I was then seeking some corporate law experience which, after a couple of intervening stops, led me to a legal role at the  (ASIC). At ASIC I had the opportunity to work on a number of significant corporate transactions, which were being implemented under the Corporations Act. One that was a particular highlight was a very complex capital raising to build the Olympic Stadium for the 2000 Olympic Games – I think that transaction held a record for the number of modifications of the Corporations Act required to get the deal off the ground. It made me think that having a more active role in making deals happen, rather than just reviewing and regulating them, would be an interesting next step.

I joined Gilbert + Tobin in 1998, planning to stay for two years, get some good broad transactional experience, and then find an in-house role.
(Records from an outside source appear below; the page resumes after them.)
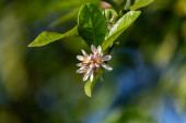 Kwiaty pekińskie, pąki kwiatowe i liście pekińskie (Caryocar brasiliense) w zbliżeniu i w sposób selektywny.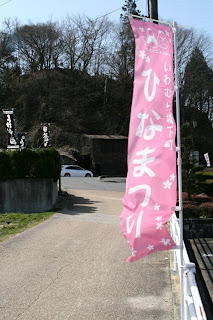 A flag announcing Hinamatsuri and the displays in historic Iwamura shitamachi.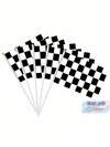 SHEIN 8/10/15/20 件 21*14 厘米黑白格子旗赛车旗配 30 厘米长塑料棒赛车手持指挥棒,赛车派对装饰礼物,赛车派对,汽车主题生日派对,家居装饰,节日装饰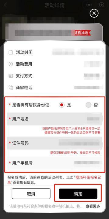 3.进入报名界面,根据实际情况填写所需身份信息,确认无误后点击确定。

Which is what I did, only 14 years later than planned.

Q: What is it about corporate transactions that appeals to you?

A: It’s difficult to define “corporate transactions” – such a broad array of work can fall under that banner, from highly regulated takeovers and schemes of arrangement, establishing joint ventures, share sales, asset sales and capital raising.

The great variety extends beyond the transaction type to the type of clients you work with. Over my career, I’ve got to know quite a lot about a wide range of industries, including media, telecommunications, building materials, mining, energy, pharmaceuticals, manufacturing and financial services, through working on a range of deals. None of that is necessarily useful knowledge in future, but the opportunity to learn about a new industry is part of what kept my time in a law firm so engaging. In my current role at Nine Entertainment, I expect that I’ll still get the benefit of this wide variety as media is a rapidly evolving industry and we have a range of investments that sit alongside our traditional media business. We’re also interested in exploring other investment opportunities, so I expect to continue to build my store of random but interesting knowledge.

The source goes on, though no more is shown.